The patient was treated with three doses per week of 2.4 million units of benzathine penicillin for a total of 7.2 million units and was asymptomatic with resolution of rash and cutaneous pruritus. Standardization of the transaminases and enzymes of hepatic cholestasis was verified.

Secondary syphilis can affect any organ, sometimes hindering and delaying diagnosis, particularly when there is no cutaneous involvement. The fact that our patient has secondary lesions with maculopapular rash and hepatic cholestasis without other probable cause has increased our suspicion of syphilitic hepatitis.

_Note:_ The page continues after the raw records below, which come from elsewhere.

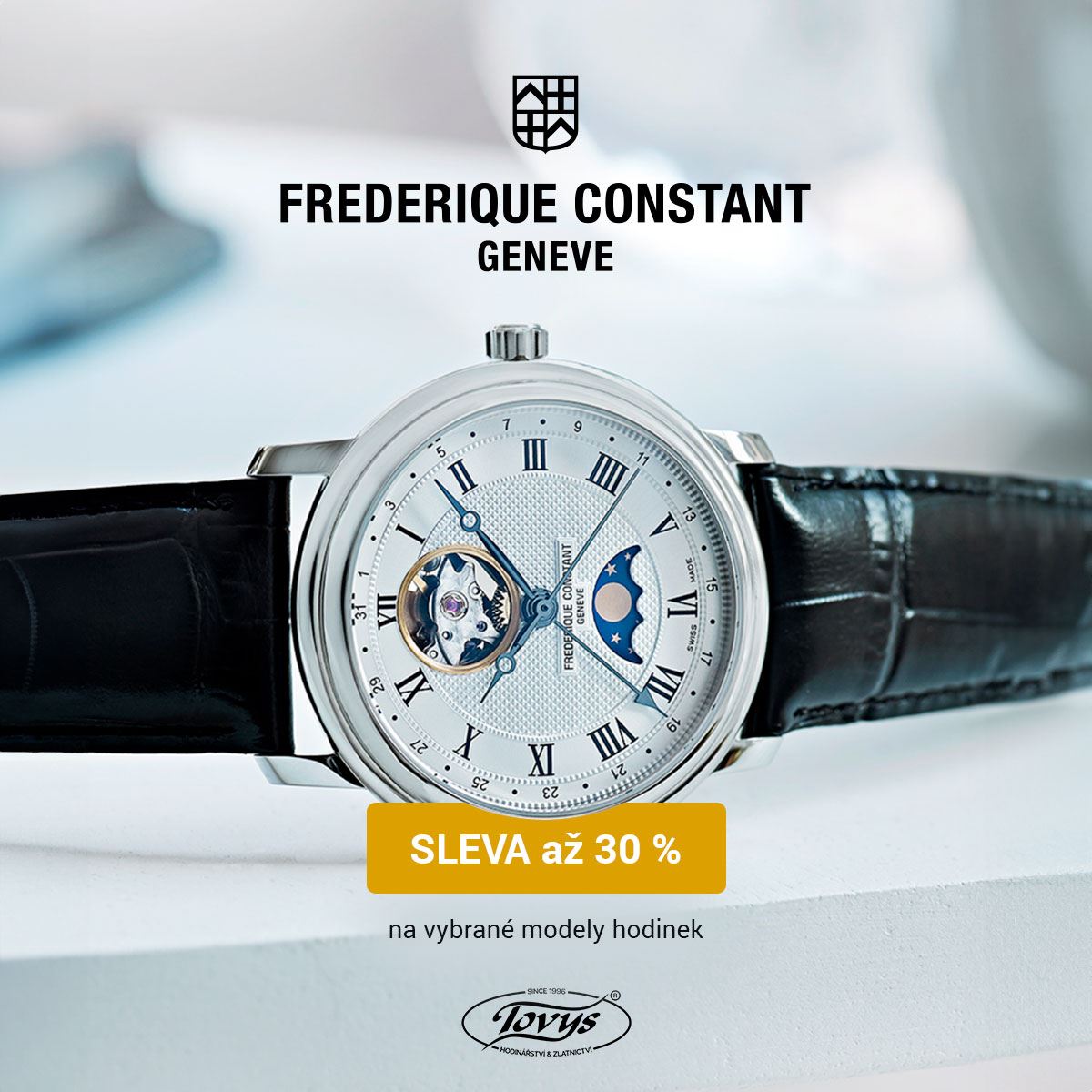 Hodinky Frederique Constant - AKCE!! Hodinky Frederique Constant ztvárňují luxus na světovém poli hodinářského řemesla. Elegance zde jednoznačně vede. Díky tomu patří Frederique Constant k nejspolečenštějším značkám hodinek vůbec. POZOR, nyní na tuto značku máme akci, kdy většina hodinek má 30 % slevu a některé i více!! Prozkoumat to můžete ZDE. Původ této švýcarské značky sahá do roku 1904, kdy pánové Frédérique Schreiner a Constant Stas založili společnost vyrábějící hodinky s názvem spojením jejich jmen. Tato firma dnes sídlí v Plan-les-Ouates, Ženeva. Společnost inovovali potomci zakladatelů v roce 1988 Peter Stas s jeho manželkou Alettou Bax a oba se aktivně podílejí na všech fázích výroby, od počátečního návrhu modelu po konečnou montáž. Svoji první kolekci hodinek předvedli v roce 1992 a skládala se z šesti modelů hodinek. V roce 1994 kázala značka první otevřené srdce v číselníku - pohled na kmitající setvačku, takzvaný tlukot srdce hodinek.V roce 2008 překvapila tato relativně mladá značka na světové výstavě ve švýcarském Baselu strojek osazený tourbillonem. Strojek je vyroben kompletně v domácím prostředí, jedná se o jeden ze strojků vlastní výroby, což zvedá prestiž nejen hodinkám, ale celé značce. Strojek má v sobě několik unikátních funkcí včetně křemíkového krokového kola. Lehkost tohoto kola a snížení tření zvyšuje účinnost kroku. Jinak ve většinu modelů hodinek své produkce osazuje tato značka, stejně jako většina světových značek, strojky Eta nebo Valjoux. Co je dobré zmínit, Frederique Constant má velmi dobré povrchové úpravy na zlacených hodinkách a tak zde máme vynikající kvalitu nejen strojků, ale i pouzder. Frederique Constant investuje i na charitu. V roce 2011 investuje 75.000,- dolarů do mezinárodní dětské Heart Foundation 5. V roce 2011 Frederique Constant vyrobila více než 120.000 hodinek prodaných v 2 700 prodejnách nabízejících značku ve více než 100 zemích. Tato švýcarská značka opravdu umí navrhnout a vyrobit nestárnoucí nadčasový design. Prohlédněte si tuto jedinečnou kolekci na našem webu, nebo pokud máte jakýkoliv dotaz, jsme tu pro vás. Napište nám Jméno: E-mail: Telefon: ODESLAT #frederiqueconstant #hodinky #watches #watchfrederiqueconstant #tovys #eshop #jihlava #prague
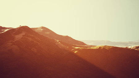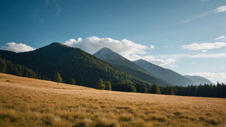 A breathtaking mountain landscape featuring rolling hills bathed in soft sunlight, showcasing the tranquil beauty of nature's diverse shapes and textures. Perfect for outdoor enthusiasts.
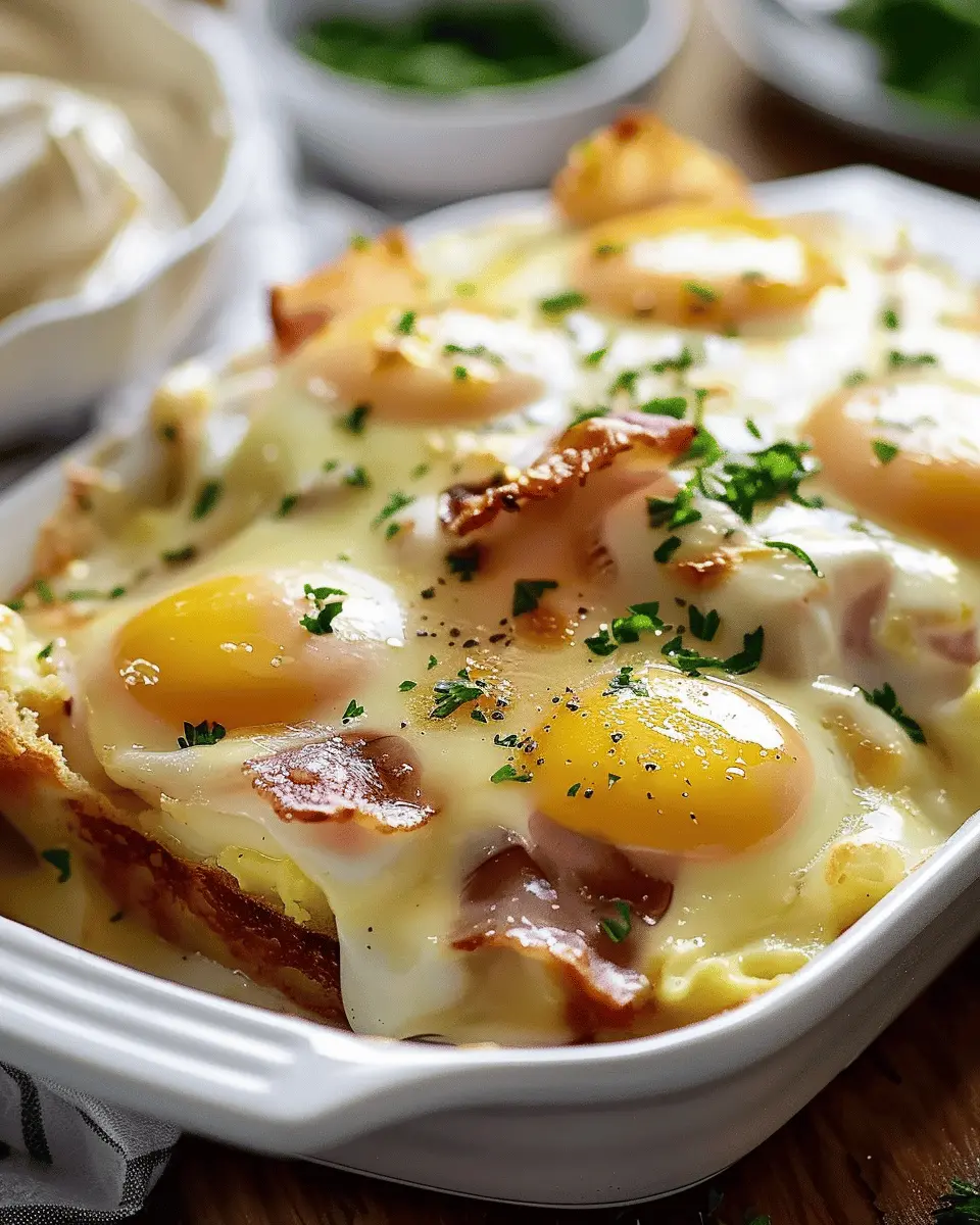 A rich and indulgent casserole combining the classic flavors of Eggs Benedict with turkey bacon and chicken ham, perfect for breakfast or brunch.

As described in the literature, most patients with hepatic involvement are asymptomatic, 50% of whom have only slight elevation of alkaline phosphatase [4]. In rare cases with symptomatic hepatitis, there is a particular increase in cholestatic enzymes. As seen in our histological piece, there is portal inflammation, without hepatocellular necrosis and non-caseous granulomas.

The usefulness of this case is the description of a rare manifestation of secondary syphilis in the form of hepatitis, with good response to the recommended treatment with benzathine penicillin. In HIV-infected patients, sexually active, this should be one of the differential diagnoses to be taken into account.

Acknowledgments

None to declare.

Financial Disclosure

None to declare.

Conflict of Interest

None to declare.

Informed Consent

Informed consent was obtained from the patient.

Author Contributions

Leila Cardoso and Ruben Carvalho contributed to the elaboration, Eduardo Rabadao, Jose Saraiva and Armando Carvalho contributed to the review, Ana Gameiro contributed in the cutaneous biopsy, Rui Caetano Oliveira contributed in the hepatic biopsy.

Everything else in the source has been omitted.